I'd be interested to see a full post-mortem on this. What would they change about their process to avoid this failure-mode in the future?

2PetitsVerres · on May 10, 2016

I'm don't completely agree with the fact that it's called a "software update". Reading different article about it, from what I understand, there was an initial error (software error probably triggered by an hardware error probably due to an upset due to radiation), but this error is not very important. A series of event from this error triggered the safe mode (that's expected), and there was the critical problem.

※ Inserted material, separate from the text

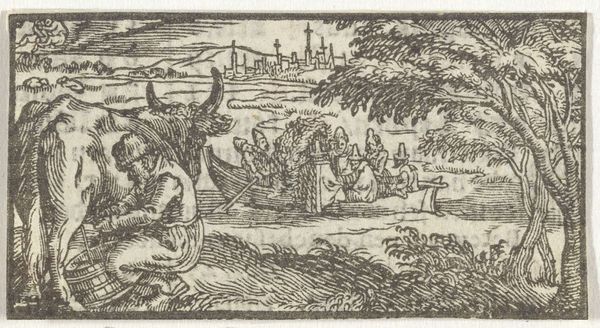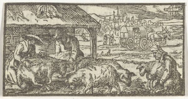 Editor: Here we have a 17th-century woodcut print entitled "Maart," artist unknown, offering a detailed, almost stark depiction of labor. The figures working really give me a sense of the demands of rural life. What story do you see unfolding within this scene? Curator: Well, placing "Maart" within its historical context, we find these depictions of seasonal labor often served a dual purpose. Yes, they represented the realities of peasant life, but also reinforced the social order. Consider how these prints, though seemingly simple genre scenes, circulated amongst different social classes. What values were they intended to instill, and in whom? Editor: That's interesting... so the print is less a neutral depiction of labor, and more an assertion of it, for potentially political reasons? Curator: Precisely. These prints were frequently commissioned by the wealthy to affirm a divinely ordained social hierarchy. Peasants are dutifully laboring, and, in some ways, fulfilling their role in society. Do you notice how this contrasts with imagery aimed at a peasant audience? Editor: I do see it differently now that you mention it, knowing about the commissioning factor. It makes me look more closely at their postures and where they're working... I wonder, did the artist have any say in the scene itself, or were they generally following a brief from the person who paid for the work? Curator: Artists occupied a complex space, somewhere between artisan and visionary. The extent of their creative agency would depend on various factors: their reputation, the patron’s level of sophistication, and evolving artistic norms of the time. What would you say this particular woodcut adds to the understanding of the socio-political dynamic, regardless of its creation history? Editor: It highlights the constant need for manual labour but in a manner that seems strangely idyllic when it isn’t, or wouldn’t have been, for the ones involved. I didn’t see this duality at first. Thanks for your perspective. Curator: My pleasure. It’s crucial to recognize how seemingly benign images participate in complex socio-political dialogues, making these historical works endlessly fascinating.

They had updated parameter in the software describing the torque generated by each thruster (or the center of mass position, or the tensor of inertia, or parameters based on all this) These parameter are software parameters, but updating them is not updating the software. It's software data, not software code.

Of course this does not change the fact that it is a critical error, but it's not exactly software update (IHMO). It's a configuration error. It's strange that they didn't see that in a simulator before updating them, but it's possible that they may have used the same value in the part simulating the software and the part simulating the thrusters themselves.

(note: I'm working in the satellite on-board software/attitude control domain, but not for JAXA, in Europe. Anyway at my current position, I must both test this kind of code, and the parameter used in the code. And checking the parameters is much more difficult, because you must be sure that everyone agree on everything. This includes a lot of basic stuff, but it's a pain in the ass ;-) )

This pdf from JAXA is probably the initial source of all articles. http://global.jaxa.jp/press/2016/04/files/20160428_hitomi.pd... I found it interesting to read, if you know how it works. I would of course prefer to have more detains. I always want more details. But it's for the press...

verytrivial · on May 10, 2016

Hindsight is 20:20 of course, backseat driver etc. but if the on-board systems detected a bad rotation, then started a burn to correct it, presumably it could have been possible to detect that the burn was not "helping" during the burn? And halted the burn? The thrusters aren't usually that powerful, so the erroneous death-spin probably took a fair while to spin up. Even if the sensors were wrong, if you're a computer trying to get variable 'X' into a range, and you apply control 'Y', but 'X' moves further and further away, let go of the controls and ask ask an adult help! (Easier said than done, I know. I'm amazed space engineering works as often as it does! Super hard stuff.)

lloeki · on May 10, 2016

Of course it was using a feedback loop, but GIGO applies:

   The STT and IRU disagreed on the attitude of the satellite.
   In this case the IRU takes priority, but its data
   apparently was wrong, reporting a rotation rate of 20
   degrees per hour, which was not occurring.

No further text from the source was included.